Though Quinn steers away—at least, in a public-facing sense—from the trend of using “charcuterie board” to mean simply a varied spread of food, she understands why people do it. First of all, people love saying “charcuterie,” she said. With the huge viral success of the “shark coochie board” meme, that checks out. The phrase lends itself to wordplay like “charcuter-wreath” and “charcuter-tree,” the latter of which has become one of Quinn’s most popular posts. (Recently, there’s also been “jarcuterie” and the “charcuterie chalet.”) And, at the end of the day, the average budding board enthusiast probably just wants to eat something good and ‘gram it—no matter what the board is called. “They’re just seeing the trend and they see that other people are calling it that so they call it that.”
It could also be a way of working the system since “charcuterie board” is a more popular search term than “cheese board.” With interest in the term steadily growing over the past two years, content creators might use the phrase more liberally—even if it’s not the most accurate—in order to take advantage of this search potential. “My SEO person […] is always like, oh, people are searching for ‘charcuterie candy board,’ and I am like, oh, but I can’t call it that,” Quinn said. “But on the back end, I do, because I want to show up in those searches.”
Shelly Westerhausen, the blogger behind Vegetarian Ventures and author of the 2018 cookbook Platters and Boards: Beautiful, Casual Spreads for Every Occasion, avoids the phrase “charcuterie board” in reference to her work. That’s in part because her arrangements “really go beyond” traditional charcuterie board ingredients, she said, and because, as a vegetarian whose boards rarely use meat (she works with a co-writer on boards that include it), she doesn’t feel ownership over the term.
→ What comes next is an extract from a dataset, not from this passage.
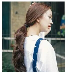 最随意的低马尾,自己在发尾做一些卷卷的设计,可以用棒弄卷发尾,然后这样随意的扎着低马尾。很优雅~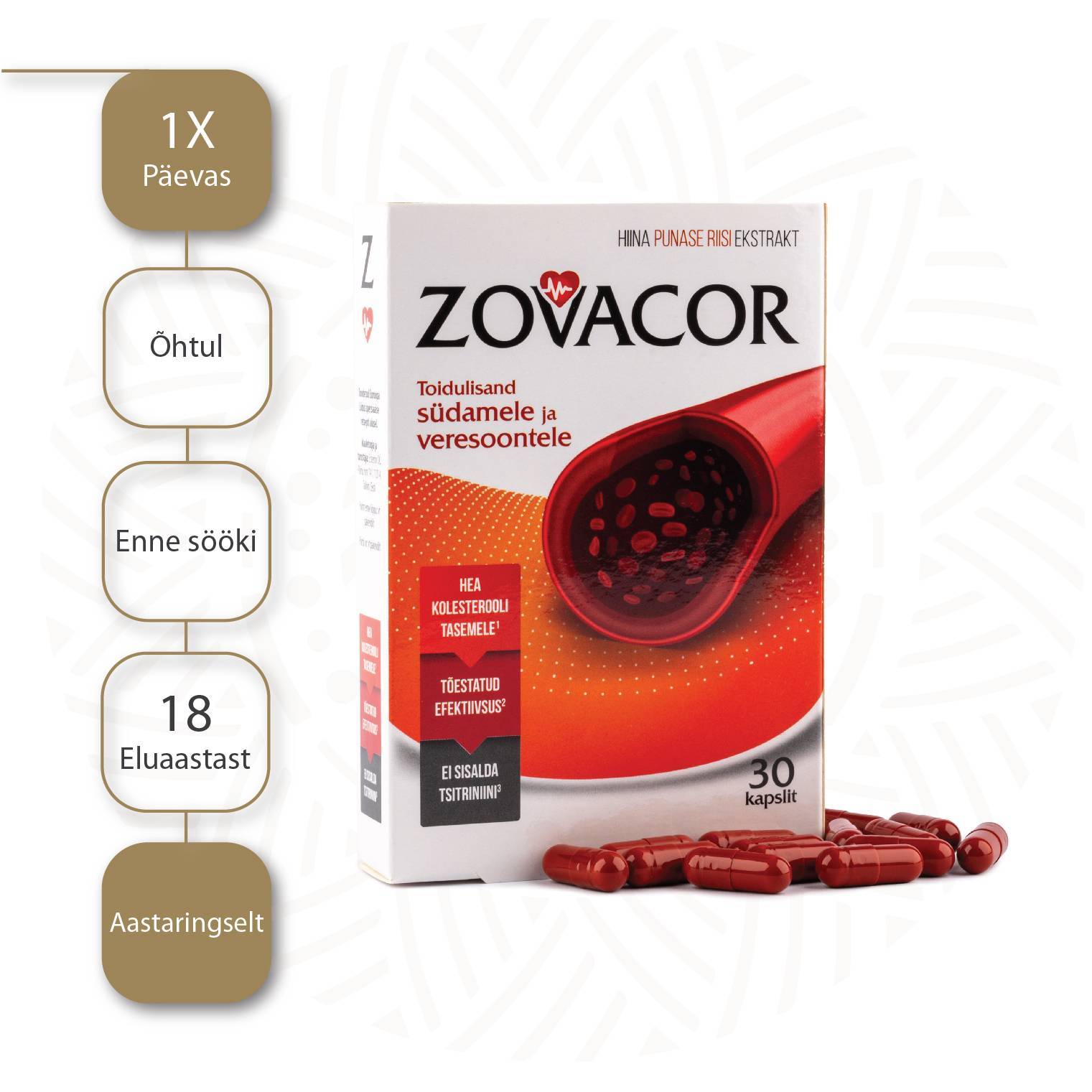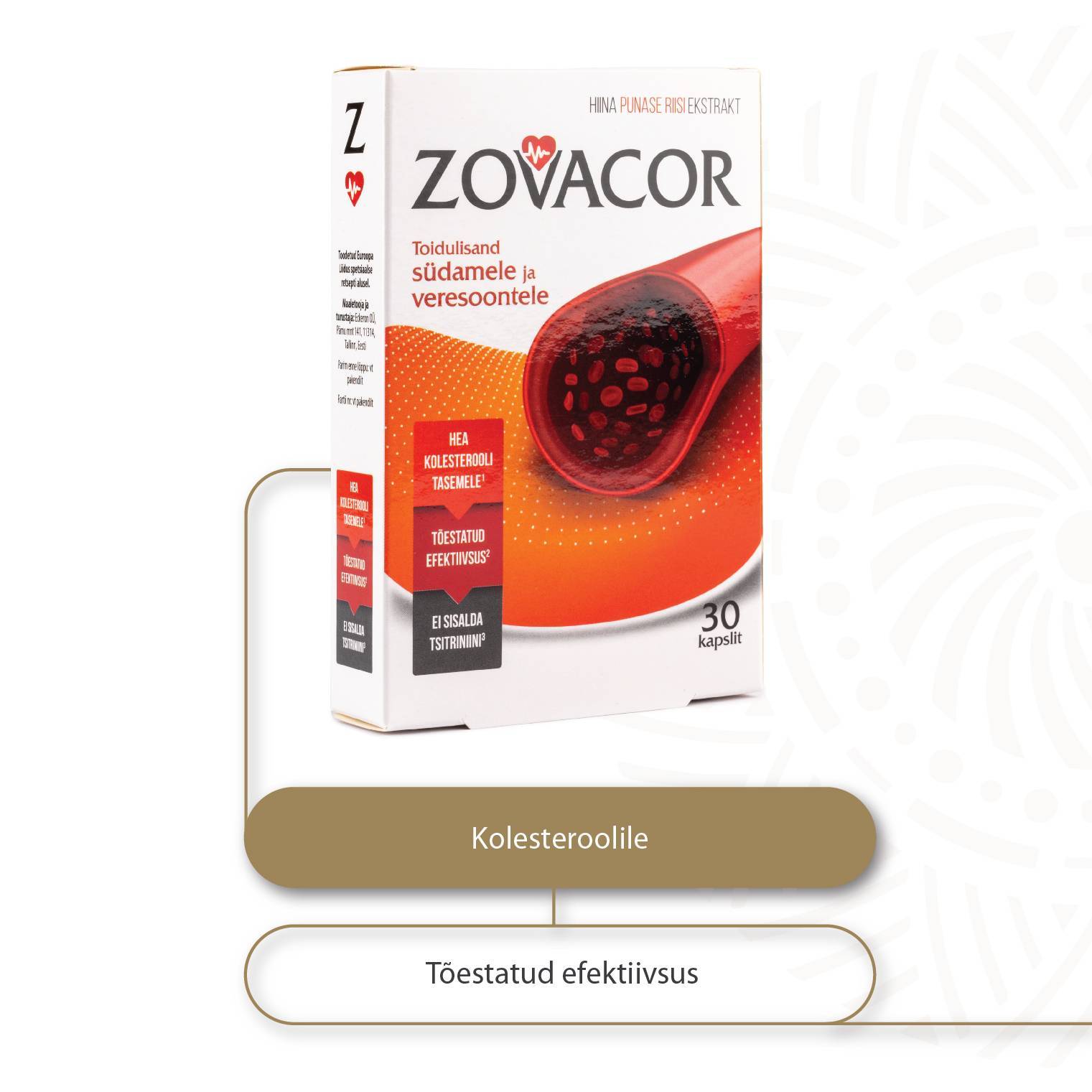 Zovacor on spetsiaalne toidulisand südame ja veresoonte tervise säilitamiseks. Zovacor sisaldab punase sibula (Allium Cepa) standardiseeritud ekstrakti, tervisliku kolesterooli taseme säilitamiseks ja punase riisi ekstrakti. Zovacor punase riisi ekstrakt on looduslikult meetodil kääritatud ning eriti puhas – see on tsitriniinivaba. Punase riisi ekstrakti kõige tähtsam toimeaine on monakoliin K. Sibul (Allium Cepa) toetab verevarustust väikestes veresoontes sh. südameveresoontes2 ja aitab kaasa normaalse verelipiidide (kolesterooli1 ja triglütseriidide) taseme hoidmisele. Tervislik kolesteroolitase on tähtis, sest üleliigne kolesterool võib põhjustada veresoonte ahenemist ja kahjustada veresoonte tervist.

She has, however, also had to use the phrase “charcuterie board” pragmatically in the past. When she was working on her book in 2016, the board boom hadn’t quite hit. “This meant that a lot of people would give a confused look when I described my book as ‘platters’ and ‘boards’, so I’d oftentimes have to then refer to them as similar to ‘cheese boards’ or ‘charcuterie boards’ for the concept to ring familiar,” she said.
Big spreads, boards, and grazing tables have certainly picked up since then. Though the pandemic might have initially threatened large-scale, shareable finger food, cheese board purveyors have adapted through smaller, individualized formats. What started out as “charcuterie boards” or “cheese boards” has spun out into a trend that’s far beyond the typical ingredients of cheese, nuts, and cured meats, Westerhausen said. “So, it feels very natural to drop the constraints of the word ‘charcuterie’ and refer to this growing category as something more general like ‘boards’, ‘platters’, etc.”